» **Data for the task**
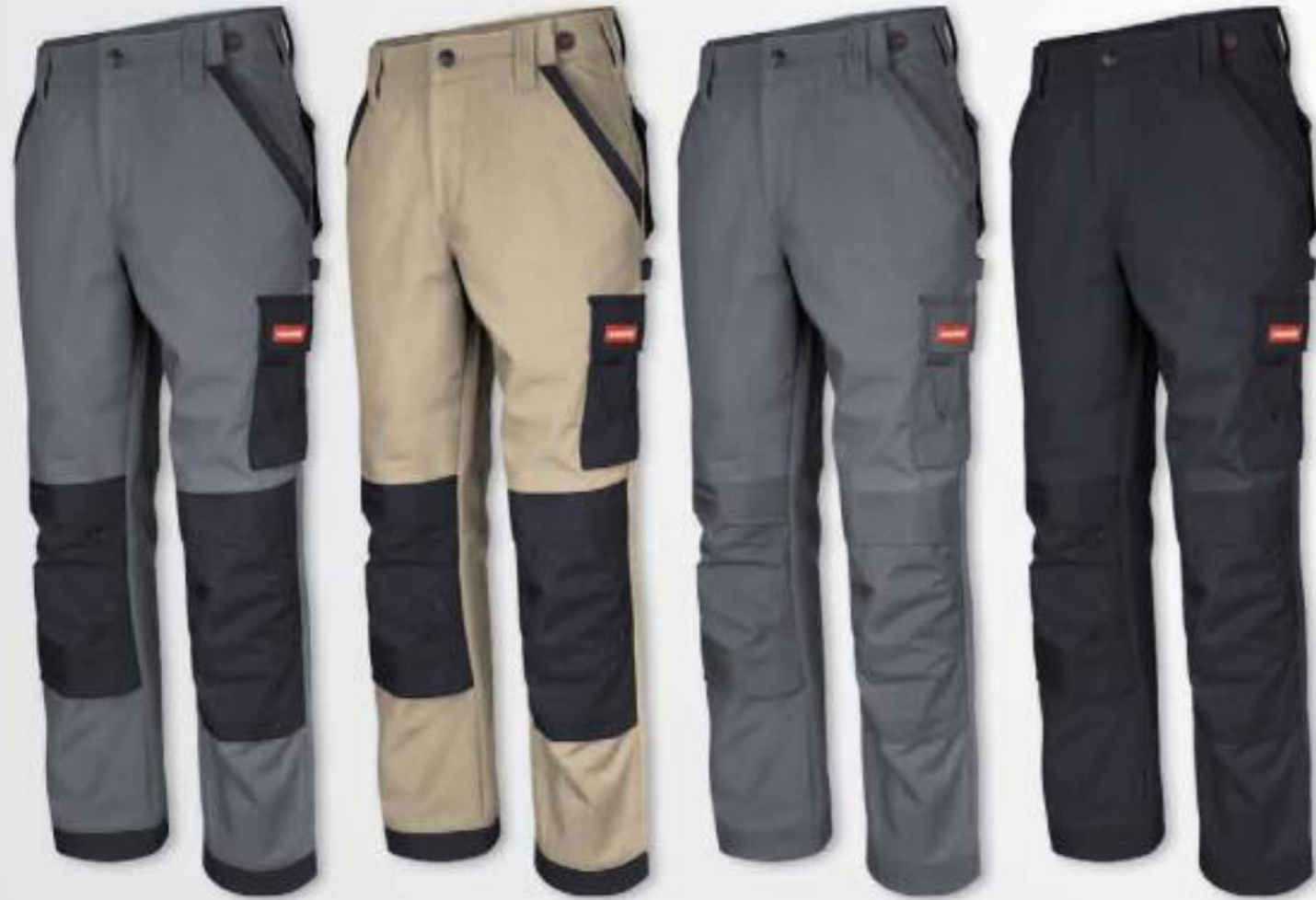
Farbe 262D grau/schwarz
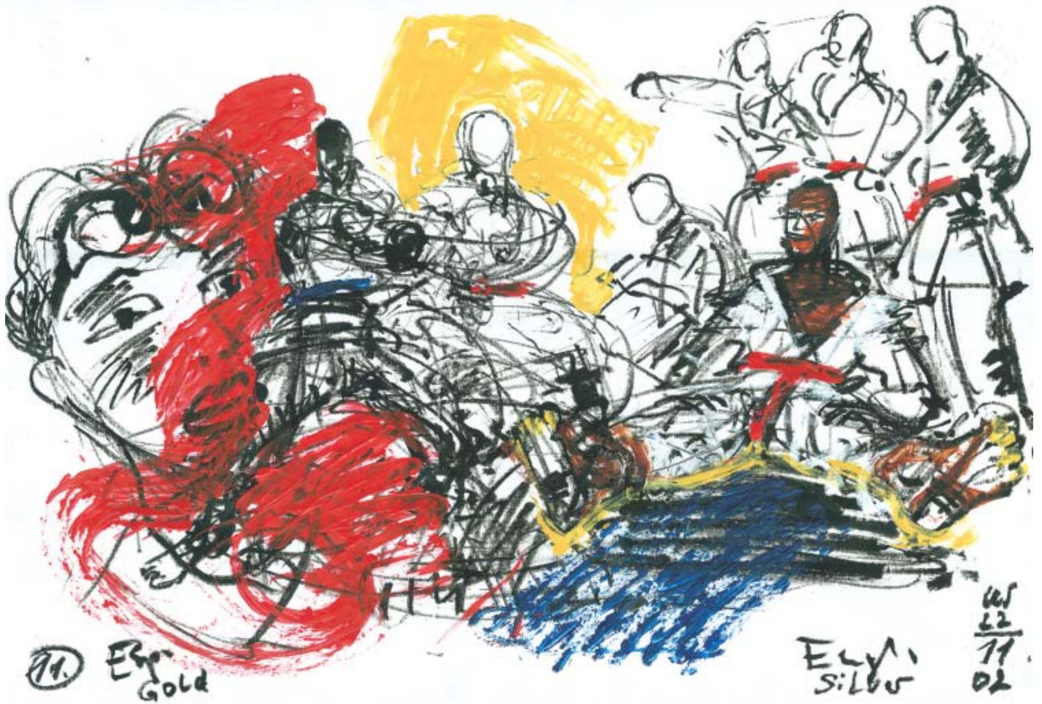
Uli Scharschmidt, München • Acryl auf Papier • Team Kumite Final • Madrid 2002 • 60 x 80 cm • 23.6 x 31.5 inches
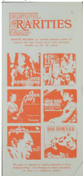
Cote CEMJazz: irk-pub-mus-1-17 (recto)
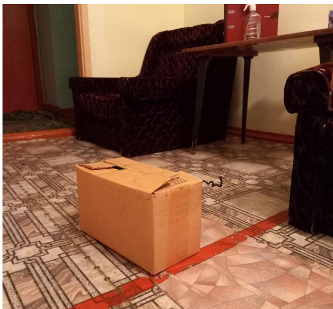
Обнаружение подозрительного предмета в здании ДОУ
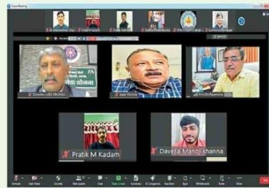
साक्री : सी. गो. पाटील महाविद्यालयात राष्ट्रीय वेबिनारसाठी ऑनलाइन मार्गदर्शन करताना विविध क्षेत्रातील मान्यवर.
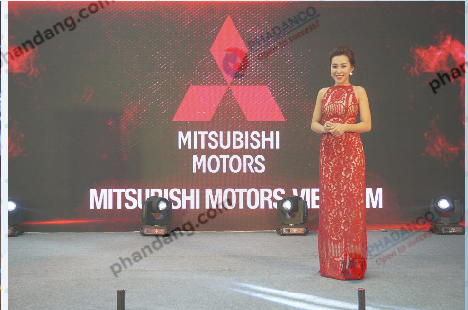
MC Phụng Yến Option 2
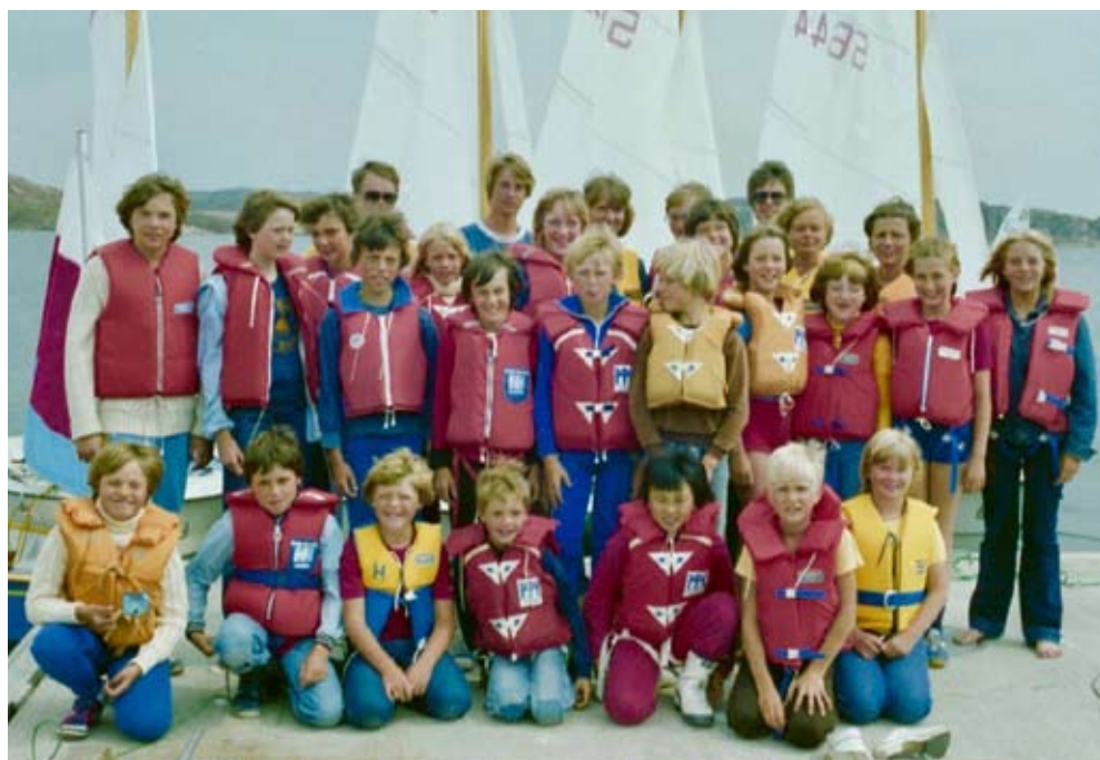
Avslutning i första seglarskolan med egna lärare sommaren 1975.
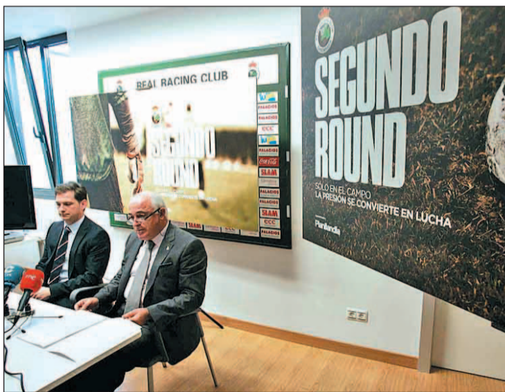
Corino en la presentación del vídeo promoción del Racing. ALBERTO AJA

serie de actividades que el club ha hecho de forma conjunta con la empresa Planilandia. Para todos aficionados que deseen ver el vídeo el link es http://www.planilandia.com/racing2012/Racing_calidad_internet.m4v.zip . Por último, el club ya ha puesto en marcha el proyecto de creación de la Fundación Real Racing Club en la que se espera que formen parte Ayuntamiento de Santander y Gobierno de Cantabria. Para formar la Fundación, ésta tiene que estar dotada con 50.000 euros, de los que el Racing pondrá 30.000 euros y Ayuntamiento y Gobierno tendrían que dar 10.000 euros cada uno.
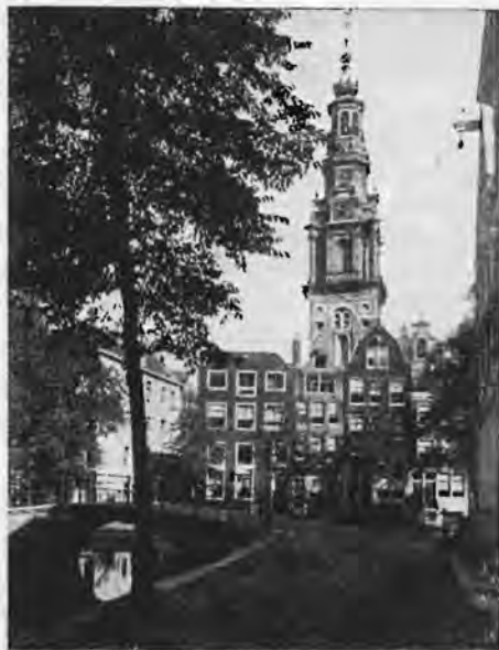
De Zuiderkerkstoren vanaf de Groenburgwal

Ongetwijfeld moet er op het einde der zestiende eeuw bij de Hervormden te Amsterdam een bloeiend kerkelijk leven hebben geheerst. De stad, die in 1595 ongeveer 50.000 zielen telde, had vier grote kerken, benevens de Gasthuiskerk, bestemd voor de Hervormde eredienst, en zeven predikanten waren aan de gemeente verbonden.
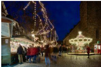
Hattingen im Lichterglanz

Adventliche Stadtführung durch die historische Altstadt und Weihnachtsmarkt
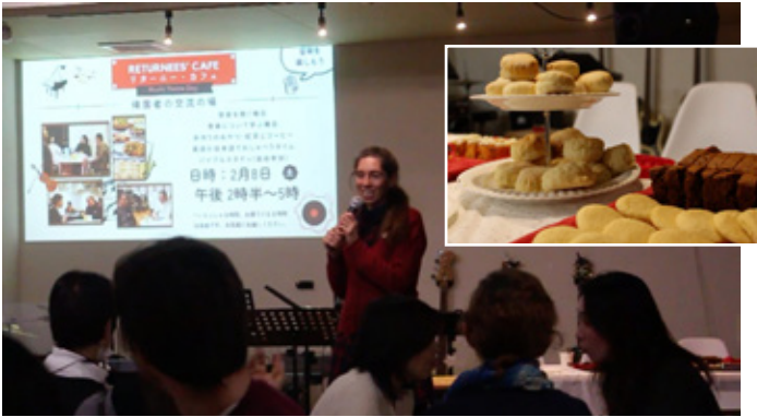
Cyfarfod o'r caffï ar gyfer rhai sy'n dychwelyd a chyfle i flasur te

» **Work order**
Only the pictures are to be left out; the rest of the material above should be printed verbatim.

» **Exercise result**
Farbe 262D grau/schwarz
Uli Scharschmidt, München • Acryl auf Papier • Team Kumite Final • Madrid 2002 • 60 x 80 cm • 23.6 x 31.5 inches
Cote CEMJazz: irk-pub-mus-1-17 (recto)
Обнаружение подозрительного предмета в здании ДОУ
साक्री : सी. गो. पाटील महाविद्यालयात राष्ट्रीय वेबिनारसाठी ऑनलाइन मार्गदर्शन करताना विविध क्षेत्रातील मान्यवर.
MC Phụng Yến Option 2
Avslutning i första seglarskolan med egna lärare sommaren 1975.
Corino en la presentación del vídeo promoción del Racing. ALBERTO AJA

serie de actividades que el club ha hecho de forma conjunta con la empresa Planilandia. Para todos aficionados que deseen ver el vídeo el link es http://www.planilandia.com/racing2012/Racing_calidad_internet.m4v.zip . Por último, el club ya ha puesto en marcha el proyecto de creación de la Fundación Real Racing Club en la que se espera que formen parte Ayuntamiento de Santander y Gobierno de Cantabria. Para formar la Fundación, ésta tiene que estar dotada con 50.000 euros, de los que el Racing pondrá 30.000 euros y Ayuntamiento y Gobierno tendrían que dar 10.000 euros cada uno.
De Zuiderkerkstoren vanaf de Groenburgwal

Ongetwijfeld moet er op het einde der zestiende eeuw bij de Hervormden te Amsterdam een bloeiend kerkelijk leven hebben geheerst. De stad, die in 1595 ongeveer 50.000 zielen telde, had vier grote kerken, benevens de Gasthuiskerk, bestemd voor de Hervormde eredienst, en zeven predikanten waren aan de gemeente verbonden.
Hattingen im Lichterglanz

Adventliche Stadtführung durch die historische Altstadt und Weihnachtsmarkt
Cyfarfod o'r caffï ar gyfer rhai sy'n dychwelyd a chyfle i flasur te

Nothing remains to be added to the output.